Charles es irresistible. O, para ser más exacta, todo el asunto es irresistible. Tener que hacerlo a hurtadillas. Que sea algo prohibido. La subida de adrenalina. El atolondramiento. Charles hace que me sienta una mujer sexy, atractiva, apetecible, y me acerco irresistiblemente a él como un colibrí al agua azucarada.

Corrijo: me hacía sentir como una jovencita.

Del mismo modo que había retrocedido hasta mi infancia en cuanto empecé a recorrer el camino de entrada hacia Belladonna, ahora rebobinaba hasta la adolescencia con sólo pensar en Charles Chase. Cuando lo tenía cerca, se me activaba el sistema nervioso al completo, y cuando no estaba a mi lado, pensaba constantemente en él. Repetía mentalmente nuestras conversaciones. Imaginaba su voz, sus ojos y su sonrisa. Escribía su nombre en la parte posterior de mi diario y después arrancaba las páginas, las rompía en mil pedacitos y las tiraba a la basura. Fantaseaba sobre él por la mañana y soñaba con él por la noche.

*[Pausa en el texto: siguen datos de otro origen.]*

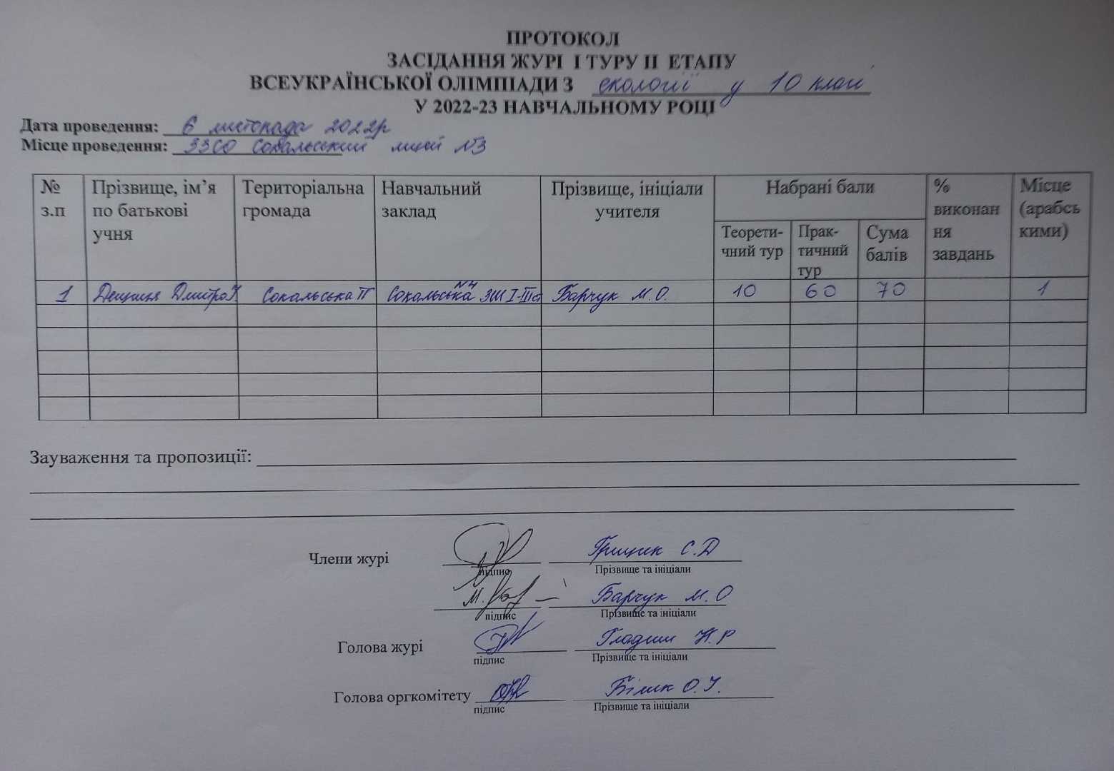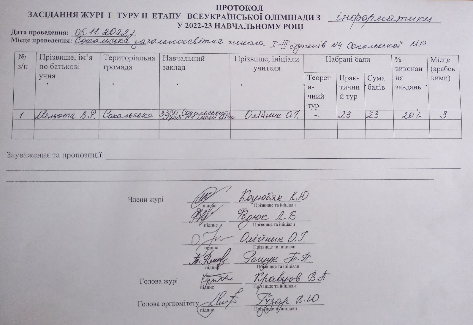 ПРОТОКОЛИ ОЛІМПІАД 2022

Era una estupidez. A pesar de todo, en el fondo sabía que no estaba enamorada. Y cuando el vacío y la soledad me invadían después de nuestras citas secretas, tenía que alejar esos sentimientos de mí para no echarme a llorar.

Había roto el primer y único mandamiento de la escritura efectiva de un diario: no estaba contando la verdad. Estaba escribiendo lo que quería sentir, lo que quería que fuera cierto. Escribiendo palabras que me daban una dosis emocional en el momento de plasmarlas en un papel, pero que constituían un relato ficticio, una cortina de humo, a pesar de que sabía que la realidad estaba a la vuelta de la esquina, a la espera de que la aceptara.

Pero después del rechazo de Robert y de la consiguiente debacle de mi autoestima, la lujuria parecía un sustituto aceptable del amor, y la sensación de ser el objeto de la lujuria de otra persona era mejor todavía. Especialmente para una reina de belleza envejecida y venida a menos, cuya autoestima entera se cimentaba en las arenas movedizas del aspecto externo.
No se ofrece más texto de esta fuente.